A sounds of sheer silence.
One of my favourite hymns is ‘Dear Lord and Father of mankind, forgive our foolish ways…’ The tune for this hymn was composed by Sir Hubert Parry one of the finest Church muscians of the 19th Century. I remember well when I was a chorister at Newport Minster on the Isle of Wight singing the penultimate line of that hymn with much gusto as the Organist and Choir Mistress Miss K Lower would pull out all the stops on the magnificent three manuel Harrison and Harrison Organ to a loud crescendo to excentuate the words earthquake, wind and fire and then a diminendo to a very soft ‘O still small voice of calm.’
The words for this famous hymn are partly based on our first reading at Mass today from the First Book of Kings. Elijah was up on Mount Horeb sheltering in a cave when he is told to go out and stand before the Lord. But the Lord was not in the earthquake, the wind, or the fire, but in that still small voice of calm, or as the NRSV Bible translates it ‘a sound of sheer silence’. God is present in the sheer sound of the SILENCE!
Silence, what an impact it has upon us! I don’t know about you but the silence of the outside world during the lockdown was striking, particularly for those of us who live in built up areas or indeed on the main Portsmouth Road. Silence was to be had everywhere and during this time the sheer silence was only broken by the singing of birds or trains going past on the Woolston line, neither of which is usually heard in and around the presbytery during normal times.

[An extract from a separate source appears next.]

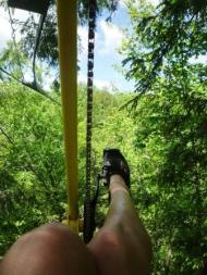 Mon expérience dans les grands arbres: Un drôle d’engin suspendu sur un câble qui court au milieu des arbres: l’ensemble a des airs entre le pédalo de notre enfance et le télésiège de l’hiver au ski, on y est assis mi-allongé et

Then there was the fear that silence brought during lockdown because it filled our minds with distractions and anxieties over the pandemic and what would happen next. Elijah knew that it is only in our surrender to the silence that we can hear the voice of God, the voice of peace.
Sadly, many of us today with the aid of popular culture and social media block out the silence. There is almost a fear of what silence may bring us. It is said today of many city dwellers that the only time they encounter silence is just before they fall asleep lying on their bed and it is then that they encounter who they really are and what they are before God. You encounter God in the silence, in the quiet and for many that can be uncomfortable because you are confronted with yourself and who you really are and that can be frightening and challenging.
St. Theresa of Calcutta, a woman who in her life suffered with many spiritual anxieties and doubts, would often say: “We need to find God and he cannot be found in noise and restlessness. God is a friend of silence. The more we engage in silent prayer, the more we can give in our active life. The essential thing is not what we say but what God says to us and what he says through us.”
Did you encounter God in the silence of lockdown?